Robinson was a former Alabama State College professor and Civil Rights activist who leveraged her positions, as well as her political and personal connections, to transform American race relations when she helped launch the non-violent direct action phase of the Civil Rights movement.
“I am extremely gratified that the Board of Trustees saw fit to rename this historic facility in honor of one of the university’s most iconic figures,” said ASU President, Dr. Quinton T. Ross, Jr. “Jo Ann Robinson was one of the catalysts behind the Montgomery Bus Boycott and is representative of the many faculty and staff members who were instrumental in bringing about one of the most impactful periods in the history of Civil Rights in the United States.”
Robinson was an executive board member of the Montgomery Improvement Association (MIA), and she sat on the MIA Negotiation Team with the Rev. Martin Luther King, Jr., as they attempted to end the boycott through discussions with the city of Montgomery and the National City Bus Lines.
Ultimately, Robinson helped to initiate a boycott that solidified the Black community, catapulted the Rev. King, Jr. onto the national stage, and ushered in a new and dramatic phase in African-American’s long struggle for civil rights.

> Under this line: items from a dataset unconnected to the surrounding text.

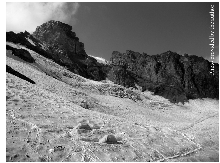
View towards the upper mountain from Camp Muir and zigzagging trail visible on the far right. .

At precisely 1 A.M., eighteen climbers and six guides (the entire RMI contingent on the mountain) set out across the Ingraham glacier. Rest stops on a climb of this type are dictated not by the obvious exhaustion of the climbers, but rather by the location of objective climbing hazards such as rock fall and icefall. This is precisely the reason that climbers attempting the summit of Rainier generally leave Camp Muir at or around 1 a.m.so as to avoid the very soft snow conditions which let loose rock and ice during the heat of midday. As we snaked our way up the mountain all I could see in front of me were meandering lines of headlamps scattered on the route above. By the second rest break, above a particularly difficult section of the route known as Disappointment Cleaver (a cleaver is a rocky outcropping that signifies the divide between two glaciers), I was becoming increasingly cold–even
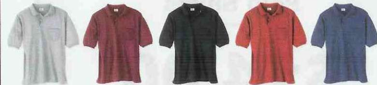
Lt. Steel Maroon Navy Red Royal
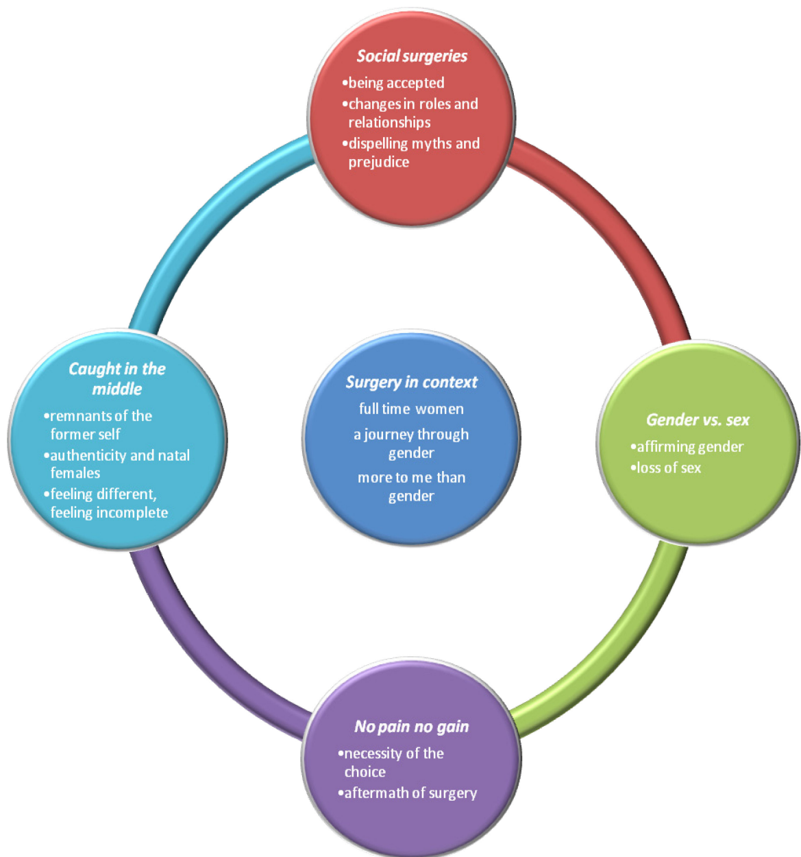
Figure 1: Representation of super- and sub-ordinate themes
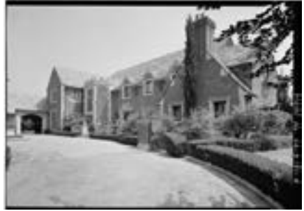
Though most of Clue was filmed at Paramount Studios, the exterior gate and ballroom scenes were filmed at the Max Busch House in Pasadena, CA which burned down in 2005
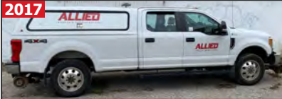
FORD F-350 SUPER DUTY hi-rail crew cab pickup truck
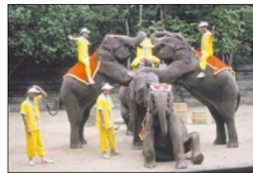
Some of China's indigenous elephants have been captured and trained as performing animals.
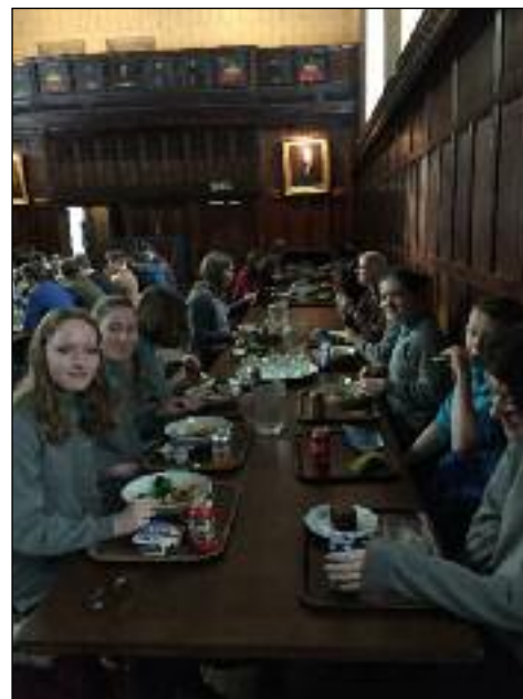
FINE DINING: Students enjoy lunch in the Peterhouse dining hall.
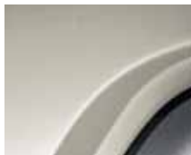
QXA PEARL WHITE (METALLIC)
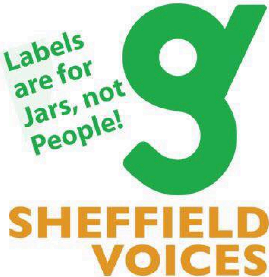
Sheffield Voices logo
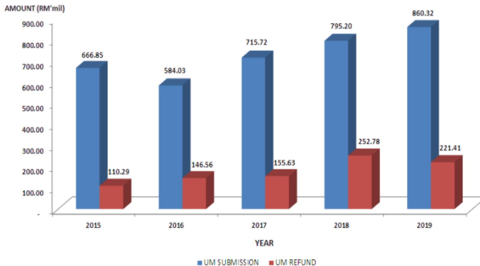
STATISTIC OF UNCLAIMED MONEYS SUBMISSION AND REFUND FROM 2015 UNTIL 2019
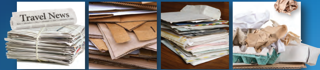
clean dry paper: newspaper, office paper, magazines, mail, cardboard, paperboard boxes
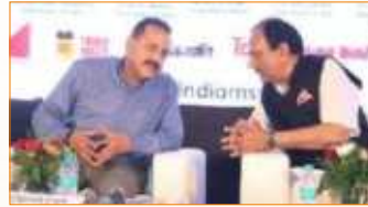
Dr. Jitender Singh Union Minister (MOS) Prime Ministers Office (PMO)
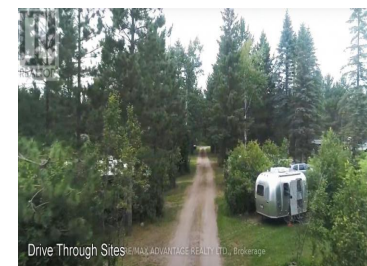
Drive Through Sites

CAMPGROUND/MOBILE PARK. Turn-key Owner Operator/investor opportunity with great cash flows. Lifestyle beckons on this 25-acre site with currently 95 developed sites. The 65 site Campground specializes in Big Rig drive thrus with laundromat, 1,000sf pool & Gift Shop. 30 site 55+ Mobile Park Community with year round monthly rental income. Custom Designed 3-bed family home with store front on site. 20 mins. from Thunder Bay & half mile from Kakabeka Falls. **** EXTRAS **** 3-bedroom split level family home over two floors with cathedral ceilings, rustic beams, & private sauna. This is a once in a lifetime opportunity to benefit from a successful turn-key operation - www.happylandpark.com (id:6769)
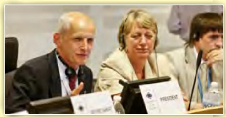
EA President welcomes winners of the EA/CoR Secondary Schools competition 2010

Best practices represent examples which worth to be considering. The feedbacks from participants of the past years' EA/CoR Secondary Schools Competition allowed members to conclude the success of the EA group's project. In this reason EA members have decided to continue addressing to the youth during the year 2011 and continue focusing on the younger generation, bringing them closer to the concept of the European Union and listening their

As a popular professor at ASU, Robinson was also deeply involved in Montgomery’s African-American community. She assumed the presidency of the Women’s Political Council (WPC) from ASU Professor Mary Fair Burks in 1950. Under her leadership, the organization continued to host mock elections for Montgomery’s African-American high school students in a program held at ASU called Youth City.

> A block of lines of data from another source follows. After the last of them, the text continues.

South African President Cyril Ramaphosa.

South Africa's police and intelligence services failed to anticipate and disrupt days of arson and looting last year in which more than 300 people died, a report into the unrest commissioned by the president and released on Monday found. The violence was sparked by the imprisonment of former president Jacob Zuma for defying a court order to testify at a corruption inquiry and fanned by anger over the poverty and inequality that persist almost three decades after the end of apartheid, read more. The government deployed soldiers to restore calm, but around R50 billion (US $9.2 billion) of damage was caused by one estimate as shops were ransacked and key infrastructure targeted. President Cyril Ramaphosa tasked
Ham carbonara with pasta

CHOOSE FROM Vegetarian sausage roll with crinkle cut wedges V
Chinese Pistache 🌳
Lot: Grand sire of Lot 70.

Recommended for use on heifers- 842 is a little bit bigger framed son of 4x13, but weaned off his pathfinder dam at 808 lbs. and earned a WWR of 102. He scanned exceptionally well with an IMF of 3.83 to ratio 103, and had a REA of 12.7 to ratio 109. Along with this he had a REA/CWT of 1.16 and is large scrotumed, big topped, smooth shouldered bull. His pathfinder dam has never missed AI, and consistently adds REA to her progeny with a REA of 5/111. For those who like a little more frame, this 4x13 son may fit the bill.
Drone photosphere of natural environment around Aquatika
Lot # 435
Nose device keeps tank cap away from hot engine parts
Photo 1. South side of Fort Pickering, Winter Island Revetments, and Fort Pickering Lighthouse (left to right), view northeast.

On several different occasions, Robinson was accompanied by other WPC members as they appeared before the Montgomery City Commission to complain about the lack of recreational outlets for Black children and the need for Black police officers. They also drew attention to the poor treatment endured by Black bus riders using municipal transportation. Although the women saw some movement in response to their requests, they resolved to place more pressure on the city.
The Board’s action to change the name of the residence hall follows its decision almost exactly one year ago to rename the building that for decades had carried the name of a former Ku Klux Klan leader.
“I want to thank Dr. Janice Franklin, Dr. Howard Robinson and the committee members who researched the history of all of the names on buildings and streets on this campus,” Ross said. “Our goal was to identify any names with segregationist ties and find opportunities to honor those who fought so valiantly for civil and human rights. Bibb Graves Hall was one of the buildings that I felt should be renamed as soon as possible.”
The university plans to have a dedication ceremony for Jo Ann Robinson Hall at a later date.